• _Raw data_
[Start of Attachment]

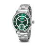 QUADRANTE VERDE CON LAVORAZIONE “SOLEIL” CON INDICI APPLICATI, RODIATI, BOMBATI, SCAVATI CON SUPERLUMINOVA BIANCO. SCALA DEI MINUTI BIANCA CON LAVORAZIONE “AZURÉ”. CONTATORE DEI SECONDI VERDE CON LAVORAZIONE “AZURÉ” E PROFILO BIANCO CON LAVORAZIONE “AZURÉ”.
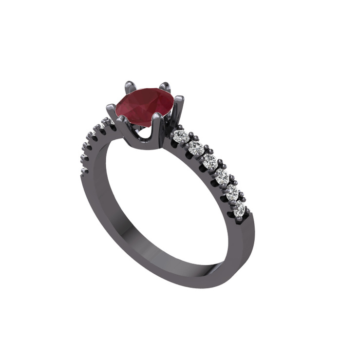 Kök yakut ve beyaz zirkon 925 ayar siyah rodyum kaplama gümüş yüzük
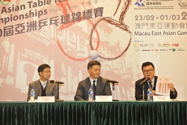由亞洲乒乓球聯盟授權,澳門特別行政區政府體育發展局及澳門乒乓總會共同主辦的 「第二十屆亞洲乒乓球錦標賽」將於本年2月23日至3月1日在澳門東亞運動會體育館舉行。為隆重其事,大會今天在澳門東亞運動會體育館傳媒中心舉行「第二十屆亞洲乒乓球錦標賽」新聞發佈會,公佈賽事詳情。
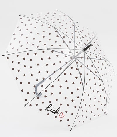 「blondy」のオリジナル傘は、星が降ってきているようなキュートなプリントがポイント。「rich」は、大人かわいいドット柄がクラシカルで上品な仕上がりだ。

[End of Attachment]

• _What this task involves_
Could the listing above be printed again in full, with every picture omitted?

• _Output for this exercise_
 QUADRANTE VERDE CON LAVORAZIONE “SOLEIL” CON INDICI APPLICATI, RODIATI, BOMBATI, SCAVATI CON SUPERLUMINOVA BIANCO. SCALA DEI MINUTI BIANCA CON LAVORAZIONE “AZURÉ”. CONTATORE DEI SECONDI VERDE CON LAVORAZIONE “AZURÉ” E PROFILO BIANCO CON LAVORAZIONE “AZURÉ”.
 Kök yakut ve beyaz zirkon 925 ayar siyah rodyum kaplama gümüş yüzük
由亞洲乒乓球聯盟授權,澳門特別行政區政府體育發展局及澳門乒乓總會共同主辦的 「第二十屆亞洲乒乓球錦標賽」將於本年2月23日至3月1日在澳門東亞運動會體育館舉行。為隆重其事,大會今天在澳門東亞運動會體育館傳媒中心舉行「第二十屆亞洲乒乓球錦標賽」新聞發佈會,公佈賽事詳情。
 「blondy」のオリジナル傘は、星が降ってきているようなキュートなプリントがポイント。「rich」は、大人かわいいドット柄がクラシカルで上品な仕上がりだ。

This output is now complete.